Did You Mean to Buy an Insurance Policy?

By Gary L. Hall, 3/25/2013

Insurance is designed to replace something lost—it’s an expense. An investment, on the other hand, is designed to generate added value over time.  It seems to me, though, that deferred annuities often blur the line—blending insurance and investment into some combination of the two; a complicated financial product trying to do too many things–none of them well. Annuities, at root, should be nothing more than longevity insurance. But sales rhetoric claiming they’re a foolproof growth investment—market participation with no downside—is common.

But my experience in analyzing annuities leads me to believe that the combination doesn’t result in this fairytale investment—but much more often, poor performing investments combined with inefficient insurance.  Can you imagine insuring a $30,000 car by giving the insurance company $30,000? I can’t. So why do people insure a $500,000 retirement by giving the insurance company all $500,000?

Variable annuity investments are stock and bond mutual funds called subaccounts. Independently, these are legitimate mutual fund-like investments that can create wealth over time. Variable annuities’ insurance component comes in the form of death benefits (life insurance…sort of) and income benefits (longevity insurance) and are often hooked on the word “guarantee.” Some benefits are included in the basic variable annuity contract while others can be added for additional fees.

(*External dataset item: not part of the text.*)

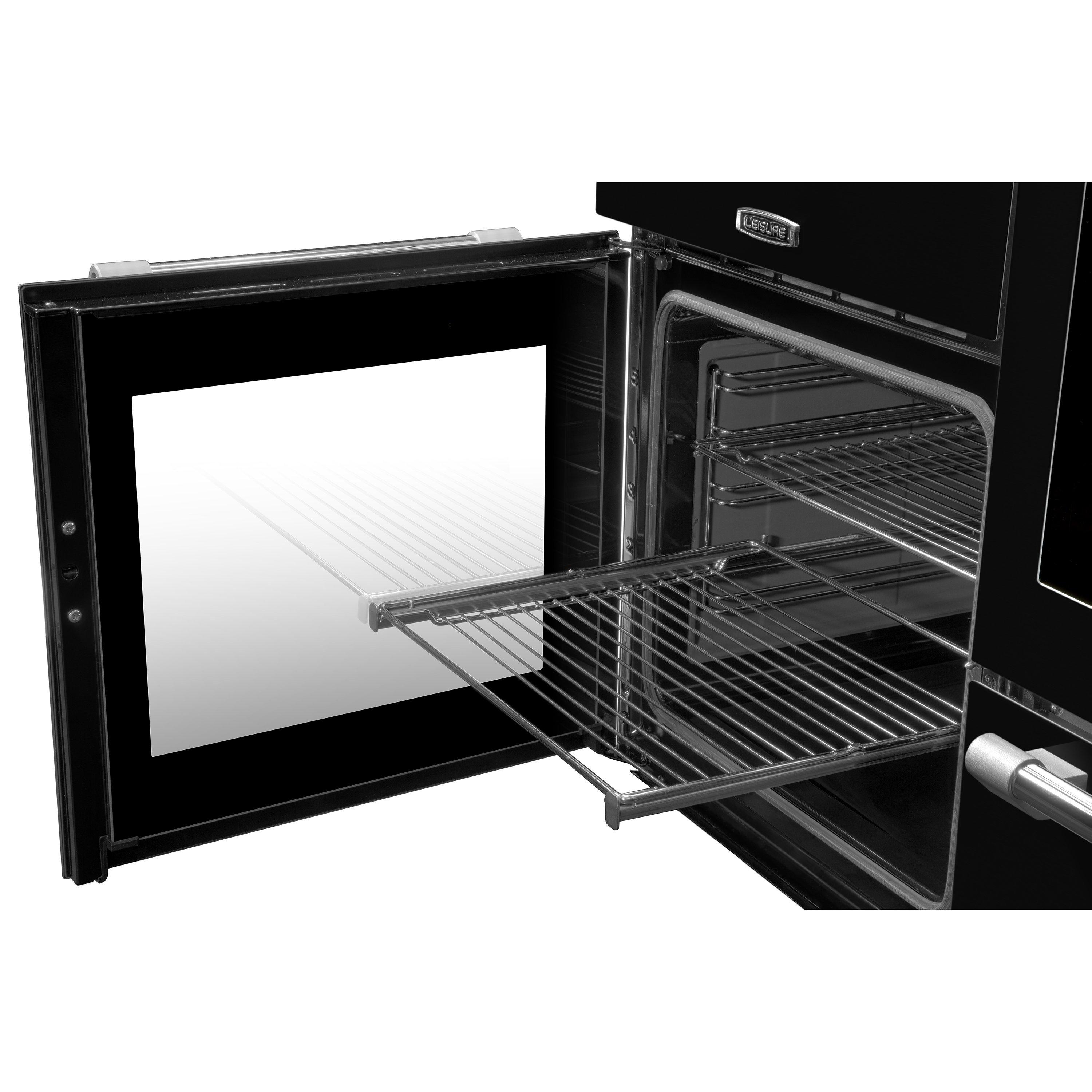 Ovens on this appliance host drop-down doors and telescopic shelves for easy access to your food. Lined with self cleaning catalytic liners, the oven cavities in this Leisure range cooker provide effortless maintenance, as the lining resists cooked on food and spills for supremely easy cleaning.

Fixed-indexed annuities (previously called equity-indexed) are even more insurance and less investment. These are variable interest rate products based on the stock market price and don’t have any base fees. Sounds great! And that is why they sell so well. But because they charge no fees, insurer profits are dependent on your contract returns being lower than the insurer’s underlying investment returns. And insurance companies prefer to put their money in predictable investments like intermediate US treasuries or something with a similar risk/return profile. In case you missed that: indexed annuities must more or less systematically underperform a relatively conservative bond portfolio.

There may be value in that type of financial product –your principal is very safe, returns are relatively predictable, and lifetime income is a great piece of the retirement puzzle. But it’s not a comprehensive solution for most investors, especially those that need growth to support an ever longer retirement. Do most people buy the product with that understanding? There is reason to be skeptical. And I wonder if investors are ultimately disappointed with indexed annuity returns? Seems possible, given how these have been marketed.

Insurers are profit seeking corporations so the insurance piece needs to be profitable. This requires that fees collected be higher than expenses and net payouts over time. On average there must be more principal lost than gained by contract holders as a group.

And from the perspective of an individual contract holder, it’s alarming how difficult it is to keep the insurance aspect in your favor—contracts often allow increases in fees and reductions in benefits at any time, buyout offers may not be a good deal, not to mention the counterintuitive income riders. It’s a tough position to find yourself pitted against the actuaries and a 100-page prospectus.

Understanding these trade-offs is an important part of shopping for annuities. These are insurance contracts whose main benefit is to compensate for longevity risk. Focusing on ambiguous “market participation” or “guaranteed growth” should raise a yellow flag, if not a red one.